Dasydorylas dolichostigmus

Scientific classification
- Kingdom: Animalia
- Phylum: Arthropoda
- Clade: Pancrustacea
- Class: Insecta
- Order: Diptera
- Family: Pipunculidae
- Subfamily: Pipunculinae
- Tribe: Eudorylini
- Genus: Dasydorylas
- Species: D. dolichostigmus
- Binomial name: Dasydorylas dolichostigmus (Perkins, 1905)
- Synonyms: Pipunculus dolichostigmus Perkins, 1905;

= Dasydorylas dolichostigmus =

- Genus: Dasydorylas
- Species: dolichostigmus
- Authority: (Perkins, 1905)
- Synonyms: Pipunculus dolichostigmus Perkins, 1905

Species of fly

Dasydorylas dolichostigmus is a species of fly in the family Pipunculidae.
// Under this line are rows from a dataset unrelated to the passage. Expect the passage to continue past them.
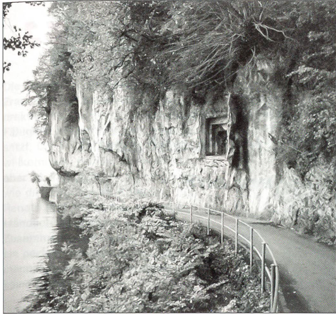
Die Felsimitation vor den Artilleriekanonen lässt sich mit einer Handkurbel herausklappen.

entscheid fiel. Wohl weil dieser Umstand vorhersehbar war, war die Nidwaldner Offiziersgesellschaft bestens gerüstet und legte Ende der 1980er-Jahre mehrere alternative Nutzungsvorschläge auf den Tisch: Die Festung könnte als Lagerunterkunft für Pfadfinder, als Weinkeller oder als Museum genutzt werden. Aus finanziellen Gründen entschloss sich die Offiziersgesellschaft nach einigen Sitzungen schweren Herzens, die Umnutzungspläne aufzugeben.
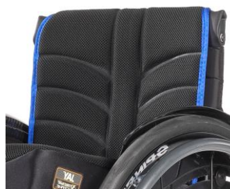
XFF 030317 EXO PRO Evo ryggklädsel
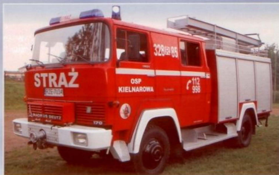
Samochód pożarniczy MAGIRUS DEUTZ FM 170 (1981), ze zbiornikiem na wodę, wyposażony w autopompę i motopompę
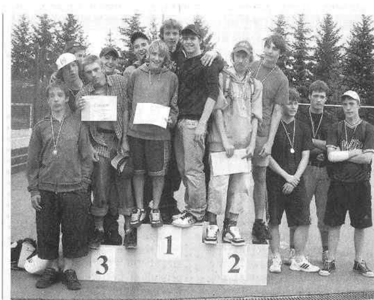
NEJLEPŠÍ ATLETI. Ve čtvrtek proběhlo klání školních atletických týmů. V okresním kole čtyřboje starších žáků zvítězila ZŠ Nýřany (uprostřed) před ZŠ Kralovice (vpravo) a ZŠ Heřmanova Huť.

Starší žáci: 1. ZŠ Nýřany, 2. ZŠ Kralovice, 3. ZŠ Heřmanova Huť. (kpo)
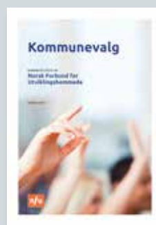
Kurshefte Kommunevalg (bokmål). Kr 50,-
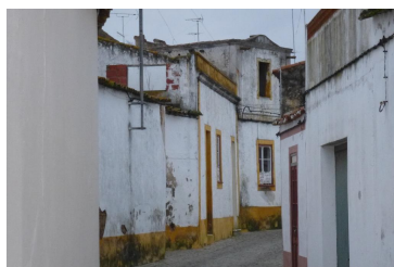
Rua da Parreira
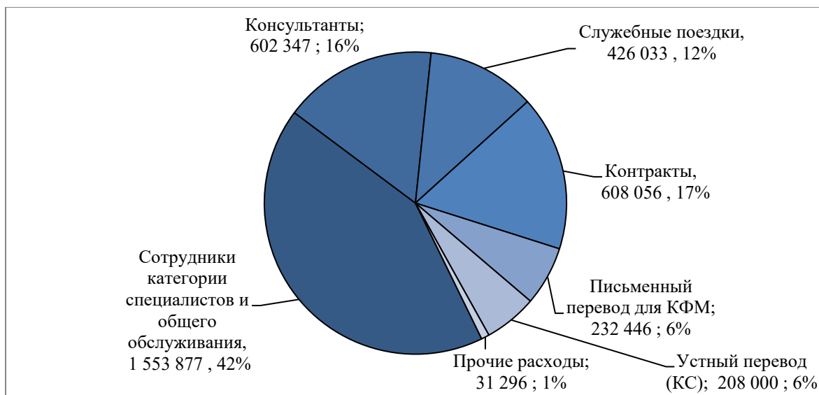
Рисунок 2. Расходование средств в 2023 году по Регулярной программе ФАО с разбивкой по видам расходов (долл. США)

[10] Из общей суммы расходов по РП ФАО за 2023 год (3 662 055 долл. США) 2 156 224 долл. США было израсходовано на персонал (сотрудники категории специалистов и общего обслуживания и консультанты), 426 033 долл. США – на служебные поездки, 1 048 502 долл. США составили расходы по контрактам и расходы на письменный и устный перевод, 31 296 долл. США – прочие расходы. Во исполнение рекомендаций Финансового комитета (ФК) в таблице 2 отражена подробная детализация расходования средств бюджета РП ФАО по видам расходов.
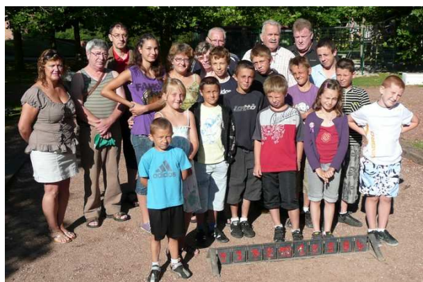
14 Juillet : Jeux au Parc de la Loïsne
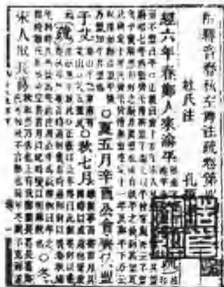
▲清代刊刻的 《春秋左传注疏》书影

夏四月，戊辰，晋侯、宋公、齐国归父、崔天、秦小子憖次于城濮。楚师背鄢而舍，晋侯患之，听舆人之诵，曰：“原田每每，舍其旧而新是谋。”公疑焉。子犯曰：“战也。战而捷，必得诸侯。若其不捷，表里山河，必无害也。”公曰：“若楚惠何？”栾贞子曰：“汉阳诸姬，楚实尽之，思小惠而忘大耻，不如战也。”晋侯梦与楚子搏，楚子伏己而壘其脑，是以惧。子犯曰：“吉。我得天，楚伏其罪，吾且柔之矣。”

It was first described by Robert Cyril Layton Perkins in 1905 as Pipunculus dolichostigmus.

==Description==
Perkins described the male as having a body length of about 4.75 mm. The original description noted a black thorax with fuscous tomentum, a pale brown wing stigma, mostly yellow tibiae and tarsi except for the apical tarsal joint, and a narrow elongate area on the hypopygium.

==Distribution==
Dasydorylas dolichostigmus is known from Australia. The original specimen was recorded from Bundaberg, Queensland.